Hoje, podemos comprar talismãs desenhados com antigos símbolos celtas que pretendem ajudar no processo de escrita. Um fornecedor promete “inspiração natural e ajuda em todos os seus esforços de escrita”. Outro fornecedor, Magickal Needs, anuncia um produto similar que supostamente ajuda “a encontrar a palavra certa no momento mais oportuno”.

Outros transformam-se em cristais. Um conjunto de cristais de bloco de escritor disponível no Etsy oferece cristais de ágata, cornalina, olho de tigre, citrino, ametista e quartzo transparente para ajudar aqueles que lutam para formular frases.

O que define os escritores?

O que motivou a criação de seres e objetos divinos que podem inspirar e interceder em favor dos escritores? Não é nenhum mistério a razão que explica a necessidade dos escritores de procurar intervenção divina há já 5000 anos.

Claro, a contagem de ovelhas ou alqueires de grãos pode parecer trabalho mecânico.
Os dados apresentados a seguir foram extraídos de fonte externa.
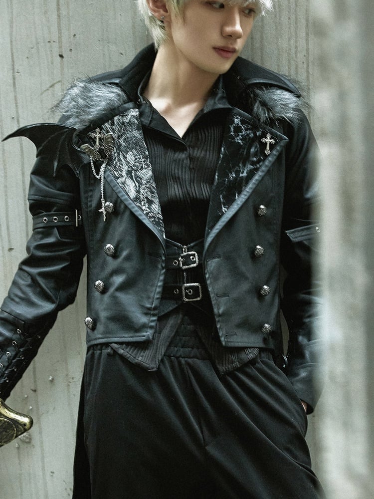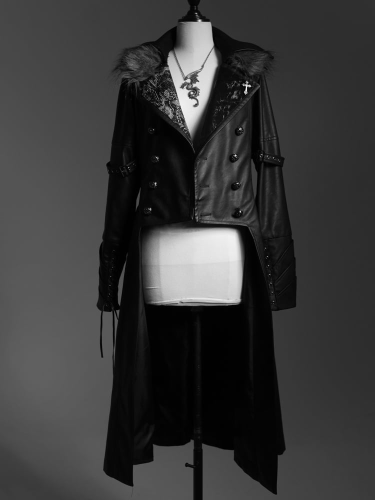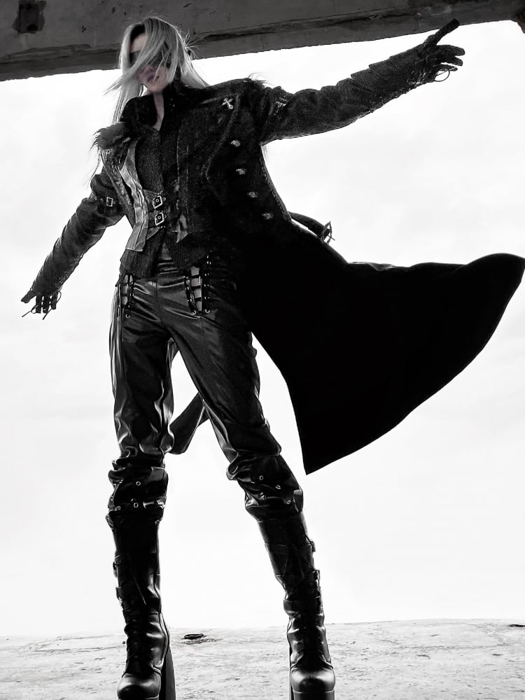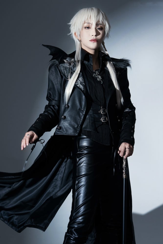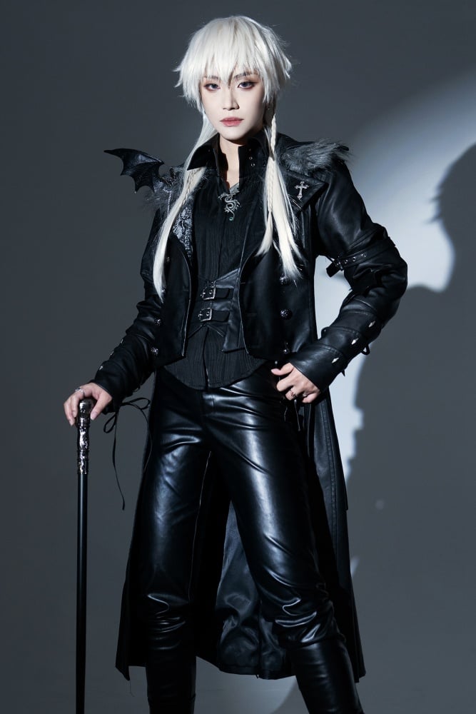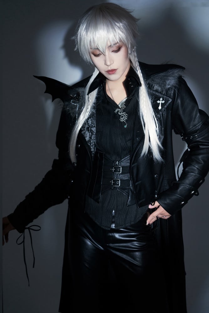 ファイナルファンタジーのセフィロスを彷彿とさせる、クールなPUレザートレンチコート。取り外し可能なロイヤルフェイクファーの襟が付いた、ハイローブレザーカラーのウエストコート。王子ロリータファッションの男性バージョン(XLサイズ)の燕尾服もご用意しています。

No entanto, no início do desenvolvimento dos sistemas de escrita, o ato físico de escrever era extremamente difícil – e uma das razões pelas quais as crianças oravam a pedir ajuda com a sua caligrafia.
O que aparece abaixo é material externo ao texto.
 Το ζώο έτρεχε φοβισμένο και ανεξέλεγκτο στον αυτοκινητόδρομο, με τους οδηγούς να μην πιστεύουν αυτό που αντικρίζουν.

Mais tarde, o ato de criar – ter ideias, comunicá-las com clareza e engajar os leitores – poderia fazer com que escrever parecesse uma tarefa hercúlea. Ironicamente, essa habilidade complexa não fica necessariamente mais fácil, mesmo com muita prática.

A imagem romântica do escritor no sótão não faz justiça à tediosa realidade de produzir palavras, uma após a outra.

Em seu livro de memórias “On Writing”, Stephen King refletiu: “Os amadores sentam-se e esperam por inspiração, o resto de nós apenas se levanta e vai trabalhar”. Por sugestão de um amigo, a escritora Patchett anexou uma folha de inscrição na porta da sua sala de redação para garantir que escreveria todos os dias.

Não importa o quão talentoso seja um escritor, inevitavelmente lutará com um bloqueio. A poetisa e satirista Dorothy Parker disse uma vez: “Eu odeio escrever; Adoro ter escrito.”